Printmaking is a fine art

Different, yet the same as painting.

Close-up detail of print surfaceClose-up of surface of a print, "Lighthouse", showing how many colours?

"Fine Art" is defined as:"Creative art, esp. visual art, whose products are to be appreciated primarily or solely for their imaginative, aesthetic, or intellectual content". This could be a description of either painting or printmaking.

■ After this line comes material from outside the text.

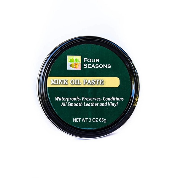 Four Seasons Mink Oil Paste waterproofs, preserves, and conditions. For use on smooth leathers and vinyl. Made is The U. S. A. Warning: not for use on suede or nu buck or brushed leathers!

Just like painting, printmakers construct a 'picture' – a view of the world – with a focus (or focal point), a story to tell: composed, distilled and cropped. Like painting, there is a texture to the surface, generally subtle, resulting from the printmaking process. The two are very close cousins indeed. Original prints are however distinct from painting in a number of ways. One way is: colour.

An optimum few

Generally with painting there is an unlimited colour pallete easily available to the artist – a painter can readily mix and add another colour to their work, at any point in the process, if they choose. Printmakers on the other hand, have to invest a great deal of effort for each colour they use. They have to either carve a completely new additional plate for each colour, layering one on top of another to produce a third, or plan carefully how to add another colour to an existing plate, already committed to other hues without the colours mixing in an unfortunate way. It's complicated to describe as well as to do. This is not to say that printmaking is 'better' than painting because of this 'effort'. The point is that many printmakers try to keep the number of plates to an optimum 'few', because each plate takes a great deal of work to produce and complicates the printing process too. It is the number of plates that dictate how many colours are added to a print. This is why prints tend to involve less colours than paintings. For some printmakers, the challenge of creating a rich image from as few colours as possible is something they relish and feel makes their art better. There are of course exceptions that prove the rule in both printmaking and painting, ie: painters who restrict their colour pallette to a very few colours. However, a distinct characteristic of most original prints is the small number of colours used.

In the print above there appear to be up to 5 colours applied to the ivory paper: sky, grass green, earth brown, dark blue-black and black. There are in reality only 3 – an optimum few?